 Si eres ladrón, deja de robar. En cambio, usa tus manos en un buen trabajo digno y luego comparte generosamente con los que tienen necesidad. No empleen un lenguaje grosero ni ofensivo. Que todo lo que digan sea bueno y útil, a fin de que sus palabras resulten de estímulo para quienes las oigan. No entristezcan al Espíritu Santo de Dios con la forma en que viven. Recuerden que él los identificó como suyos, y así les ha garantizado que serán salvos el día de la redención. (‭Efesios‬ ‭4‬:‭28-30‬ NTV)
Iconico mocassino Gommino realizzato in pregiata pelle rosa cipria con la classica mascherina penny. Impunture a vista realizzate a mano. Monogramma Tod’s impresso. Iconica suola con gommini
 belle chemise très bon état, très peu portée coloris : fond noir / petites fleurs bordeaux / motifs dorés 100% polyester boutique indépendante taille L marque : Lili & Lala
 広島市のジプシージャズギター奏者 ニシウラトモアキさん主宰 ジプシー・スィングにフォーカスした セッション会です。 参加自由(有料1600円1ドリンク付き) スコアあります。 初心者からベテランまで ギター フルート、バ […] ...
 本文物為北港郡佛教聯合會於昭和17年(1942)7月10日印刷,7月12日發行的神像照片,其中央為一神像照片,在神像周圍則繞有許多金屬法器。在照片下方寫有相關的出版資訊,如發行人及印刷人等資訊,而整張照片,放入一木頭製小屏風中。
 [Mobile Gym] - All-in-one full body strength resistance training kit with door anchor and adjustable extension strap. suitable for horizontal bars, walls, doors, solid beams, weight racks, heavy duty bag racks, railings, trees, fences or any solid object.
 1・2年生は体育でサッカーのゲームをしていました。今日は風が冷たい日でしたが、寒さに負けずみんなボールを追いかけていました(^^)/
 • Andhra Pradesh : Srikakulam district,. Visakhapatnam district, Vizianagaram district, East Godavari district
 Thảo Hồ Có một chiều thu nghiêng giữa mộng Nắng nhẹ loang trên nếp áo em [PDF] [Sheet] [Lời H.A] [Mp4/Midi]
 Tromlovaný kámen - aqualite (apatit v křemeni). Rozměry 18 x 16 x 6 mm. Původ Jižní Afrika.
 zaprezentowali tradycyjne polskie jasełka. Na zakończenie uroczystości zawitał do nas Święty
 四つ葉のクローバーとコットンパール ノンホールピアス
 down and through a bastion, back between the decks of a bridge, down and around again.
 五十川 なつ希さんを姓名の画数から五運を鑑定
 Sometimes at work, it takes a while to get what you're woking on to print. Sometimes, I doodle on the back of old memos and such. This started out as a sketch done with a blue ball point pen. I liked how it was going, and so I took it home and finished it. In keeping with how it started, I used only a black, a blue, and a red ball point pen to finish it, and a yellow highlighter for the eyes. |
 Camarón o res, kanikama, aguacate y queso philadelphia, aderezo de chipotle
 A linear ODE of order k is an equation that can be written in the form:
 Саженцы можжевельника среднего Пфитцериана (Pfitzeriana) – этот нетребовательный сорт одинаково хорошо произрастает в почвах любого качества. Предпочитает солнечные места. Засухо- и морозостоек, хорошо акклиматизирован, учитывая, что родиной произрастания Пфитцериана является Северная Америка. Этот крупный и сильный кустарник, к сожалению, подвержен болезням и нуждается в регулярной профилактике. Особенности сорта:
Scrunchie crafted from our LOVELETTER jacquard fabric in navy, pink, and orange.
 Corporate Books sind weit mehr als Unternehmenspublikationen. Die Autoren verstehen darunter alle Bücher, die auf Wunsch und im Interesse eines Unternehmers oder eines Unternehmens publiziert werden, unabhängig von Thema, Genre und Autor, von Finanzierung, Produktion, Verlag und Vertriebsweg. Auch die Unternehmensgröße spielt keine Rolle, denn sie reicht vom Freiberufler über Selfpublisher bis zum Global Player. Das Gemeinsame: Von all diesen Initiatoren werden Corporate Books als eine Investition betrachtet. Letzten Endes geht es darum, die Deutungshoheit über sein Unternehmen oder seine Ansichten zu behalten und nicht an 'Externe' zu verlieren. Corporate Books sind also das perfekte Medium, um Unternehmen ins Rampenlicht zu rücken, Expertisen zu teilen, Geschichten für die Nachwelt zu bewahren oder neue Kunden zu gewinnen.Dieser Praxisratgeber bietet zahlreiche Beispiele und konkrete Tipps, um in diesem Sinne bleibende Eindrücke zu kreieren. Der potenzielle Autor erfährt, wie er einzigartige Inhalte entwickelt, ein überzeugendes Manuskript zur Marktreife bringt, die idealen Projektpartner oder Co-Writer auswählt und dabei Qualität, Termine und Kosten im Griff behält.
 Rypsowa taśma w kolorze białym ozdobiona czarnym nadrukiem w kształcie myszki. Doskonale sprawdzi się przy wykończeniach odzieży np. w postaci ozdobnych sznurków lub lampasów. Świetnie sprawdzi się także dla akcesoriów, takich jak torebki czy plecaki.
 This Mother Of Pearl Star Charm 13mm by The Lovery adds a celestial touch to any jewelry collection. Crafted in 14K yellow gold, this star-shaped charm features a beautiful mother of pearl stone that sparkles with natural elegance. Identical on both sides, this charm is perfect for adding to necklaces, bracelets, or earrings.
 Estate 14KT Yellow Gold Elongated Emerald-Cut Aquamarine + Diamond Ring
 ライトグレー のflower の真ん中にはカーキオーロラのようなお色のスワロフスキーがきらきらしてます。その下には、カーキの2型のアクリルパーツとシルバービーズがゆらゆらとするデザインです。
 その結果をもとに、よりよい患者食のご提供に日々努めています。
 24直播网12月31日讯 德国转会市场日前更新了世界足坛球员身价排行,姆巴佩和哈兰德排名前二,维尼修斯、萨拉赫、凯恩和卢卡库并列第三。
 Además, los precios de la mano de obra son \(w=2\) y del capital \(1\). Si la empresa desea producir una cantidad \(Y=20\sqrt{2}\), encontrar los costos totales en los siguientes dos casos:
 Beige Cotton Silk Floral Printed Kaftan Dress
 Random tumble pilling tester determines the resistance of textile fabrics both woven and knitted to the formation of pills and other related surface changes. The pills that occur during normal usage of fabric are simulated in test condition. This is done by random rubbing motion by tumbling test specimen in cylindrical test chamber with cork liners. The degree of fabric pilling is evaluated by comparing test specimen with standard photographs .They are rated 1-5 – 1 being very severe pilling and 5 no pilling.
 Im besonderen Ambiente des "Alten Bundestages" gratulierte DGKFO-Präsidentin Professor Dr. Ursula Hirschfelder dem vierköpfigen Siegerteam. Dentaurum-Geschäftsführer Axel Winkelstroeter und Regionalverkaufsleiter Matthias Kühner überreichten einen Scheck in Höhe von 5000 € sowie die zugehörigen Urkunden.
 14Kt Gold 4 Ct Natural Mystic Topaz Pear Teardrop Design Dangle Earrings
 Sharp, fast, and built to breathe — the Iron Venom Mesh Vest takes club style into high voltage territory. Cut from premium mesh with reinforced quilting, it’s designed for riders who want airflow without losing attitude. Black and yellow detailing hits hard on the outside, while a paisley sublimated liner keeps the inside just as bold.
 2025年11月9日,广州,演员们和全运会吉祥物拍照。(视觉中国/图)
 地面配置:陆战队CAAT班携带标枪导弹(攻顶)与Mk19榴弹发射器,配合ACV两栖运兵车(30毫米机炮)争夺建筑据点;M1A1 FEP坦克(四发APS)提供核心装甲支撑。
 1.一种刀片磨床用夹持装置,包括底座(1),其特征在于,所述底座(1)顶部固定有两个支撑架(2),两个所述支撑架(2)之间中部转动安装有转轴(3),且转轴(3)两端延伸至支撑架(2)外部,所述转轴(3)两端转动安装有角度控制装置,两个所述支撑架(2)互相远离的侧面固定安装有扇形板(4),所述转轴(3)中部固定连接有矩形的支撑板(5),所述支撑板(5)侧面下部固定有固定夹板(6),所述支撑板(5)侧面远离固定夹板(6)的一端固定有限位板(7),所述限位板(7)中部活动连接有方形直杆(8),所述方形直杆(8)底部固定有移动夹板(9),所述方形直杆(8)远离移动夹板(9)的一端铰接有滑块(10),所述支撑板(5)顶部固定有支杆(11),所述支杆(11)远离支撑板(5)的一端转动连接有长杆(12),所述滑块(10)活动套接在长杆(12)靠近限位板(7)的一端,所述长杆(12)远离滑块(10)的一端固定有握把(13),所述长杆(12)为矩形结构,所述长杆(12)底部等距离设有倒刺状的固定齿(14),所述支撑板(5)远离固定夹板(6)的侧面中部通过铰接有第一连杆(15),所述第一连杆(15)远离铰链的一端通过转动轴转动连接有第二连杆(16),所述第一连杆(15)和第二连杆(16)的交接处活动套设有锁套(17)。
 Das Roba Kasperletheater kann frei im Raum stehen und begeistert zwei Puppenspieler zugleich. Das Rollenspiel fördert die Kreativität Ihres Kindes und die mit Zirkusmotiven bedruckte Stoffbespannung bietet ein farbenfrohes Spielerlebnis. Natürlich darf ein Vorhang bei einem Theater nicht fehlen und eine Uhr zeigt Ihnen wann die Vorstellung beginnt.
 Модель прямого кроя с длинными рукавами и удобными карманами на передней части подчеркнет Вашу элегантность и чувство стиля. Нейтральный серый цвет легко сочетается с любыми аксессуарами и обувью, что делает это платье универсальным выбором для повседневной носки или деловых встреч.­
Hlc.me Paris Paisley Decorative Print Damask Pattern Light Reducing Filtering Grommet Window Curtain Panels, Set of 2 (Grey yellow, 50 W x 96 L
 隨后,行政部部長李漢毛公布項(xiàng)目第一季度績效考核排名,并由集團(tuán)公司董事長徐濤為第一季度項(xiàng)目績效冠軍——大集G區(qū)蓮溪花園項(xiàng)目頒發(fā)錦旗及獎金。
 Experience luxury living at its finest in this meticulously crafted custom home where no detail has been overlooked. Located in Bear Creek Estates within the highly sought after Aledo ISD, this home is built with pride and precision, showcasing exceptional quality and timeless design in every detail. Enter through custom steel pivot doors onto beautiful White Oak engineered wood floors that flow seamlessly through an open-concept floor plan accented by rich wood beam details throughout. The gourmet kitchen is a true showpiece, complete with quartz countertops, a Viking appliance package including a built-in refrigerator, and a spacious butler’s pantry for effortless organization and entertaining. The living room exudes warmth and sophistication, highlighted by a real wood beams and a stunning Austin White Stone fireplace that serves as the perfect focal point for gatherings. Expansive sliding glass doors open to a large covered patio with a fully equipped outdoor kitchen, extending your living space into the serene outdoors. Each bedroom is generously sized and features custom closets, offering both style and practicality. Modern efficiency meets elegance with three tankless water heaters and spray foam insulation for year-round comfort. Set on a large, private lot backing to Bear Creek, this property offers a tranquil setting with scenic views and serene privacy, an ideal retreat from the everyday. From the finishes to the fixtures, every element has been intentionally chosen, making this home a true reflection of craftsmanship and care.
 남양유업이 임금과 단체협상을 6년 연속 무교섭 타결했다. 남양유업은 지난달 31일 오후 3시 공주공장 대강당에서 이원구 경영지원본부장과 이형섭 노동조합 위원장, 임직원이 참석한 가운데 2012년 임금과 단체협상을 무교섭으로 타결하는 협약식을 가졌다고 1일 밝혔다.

===============

● **Problem**
Go to the line with "Iconico mocassino Gommino" in the entries above and repeat every line from there through the line with "belle chemise très", exactly and with no other text.

● **Solution below**
Iconico mocassino Gommino realizzato in pregiata pelle rosa cipria con la classica mascherina penny. Impunture a vista realizzate a mano. Monogramma Tod’s impresso. Iconica suola con gommini
 belle chemise très bon état, très peu portée coloris : fond noir / petites fleurs bordeaux / motifs dorés 100% polyester boutique indépendante taille L marque : Lili & Lala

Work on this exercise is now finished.